PRONONC. ET ORTH. : [ɑ:pʀ ̥]. Fér. 1768 rappelle : ,,on écrivait autrefois aspre``.
ÉTYMOL. ET HIST. − 1. a) 1130-50 fig. aspre « (d'une chose) pénible » (Couronnement Louis, éd. E. Langlois, Paris, 1961, 329 : Si vienent doi message, Qui li aportent unes noveles aspres); 1155 « violent » (Wace, Brut, 7784 ds Keller, Etude sur le voc. de Wace, p. 272 : Es vus bataille de rechief, Aspre mellee e estur grief); b) 1130-50 « (d'une pers.) violent, ardent » (Couronnement Louis, éd. E. Langlois, Paris 1961, 401); 1453 « qui se porte avec trop d'ardeur à qqc., avide, cupide » (Monstrelet, Chron. II, 205 ds Gdf. Compl. : Aspres au pillage); 2. a) 1164 « qui présente des aspérités, rude au toucher » (Chr. de Troyes, Erec et Enide, éd. W. Foerster, Amsterdam 1965, 6668-72 : mantiaus [...] Listez d'orfrois roides et aspres); b) 1200-1210 « qui cause une sensation désagréable » (J. Renart, G. de Dole, éd. Servois, 2326 ds T.-L. : vin [...] aspre; 1751 gramm. esprit âpre « esprit rude » (Encyclop.)). Empr. au lat. asper « rugueux, dur », au sens 2 a (Ennius, Trag. 309 ds TLL s.v., 808, 7); au sens 2 b « âpre au goût (d'un vin) » (Caton, Agr., 109, ibid., 810, 5); au sens 1 a « dur, pénible » (Plaute, Capt. 497, ibid., 811, 1); d'une bataille (Salluste, Iug., 48, 1, ibid., 811, 66); au sens 1 b « dur, violent » (Lucilius, 1009, ibid., 813, 16).
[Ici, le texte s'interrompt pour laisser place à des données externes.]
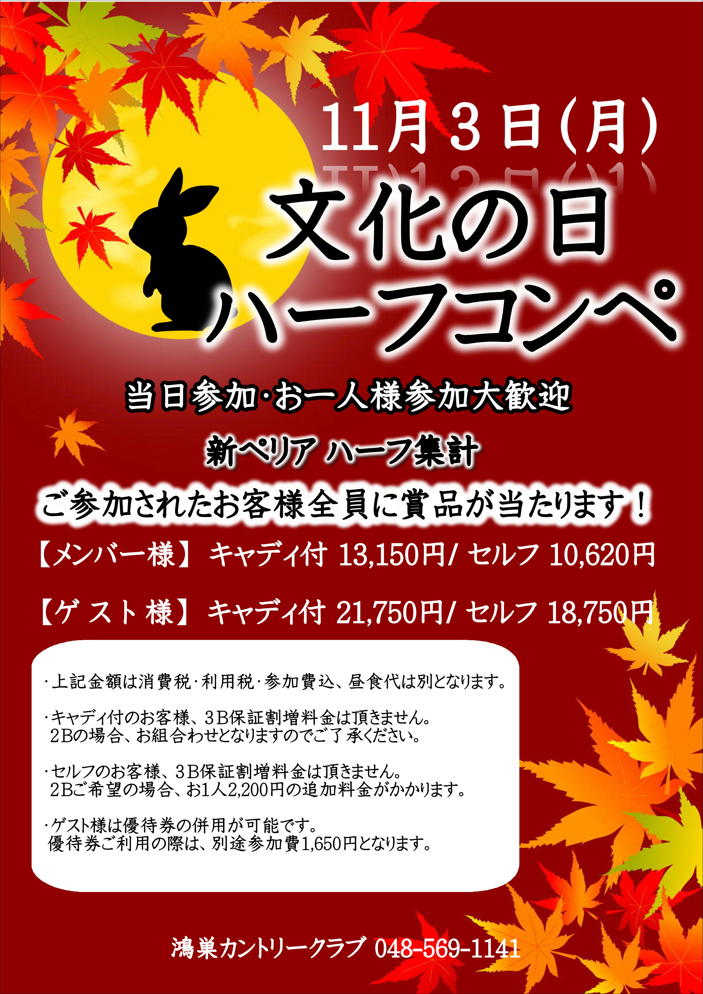 | 10月31日(金) | ハロウィンハーフコンペ | 鴻巣カントリークラブ | |

STAT. − Fréq. abs. littér. : 1 454. Fréq. rel. littér. : xixes. : a) 1 629, b) 3 548; xxes. : a) 2 664, b) 1 289.
BBG. − Baulig 1956. − Forest. 1946. − Gottsch. Redens. 1930, p. 284. − Gramm. t. 1 1789. − Littré-Robin 1865. − Mat. Louis-Philippe 1951, p. 135, 199. − Noter-Léc. 1912. − Nysten 1824.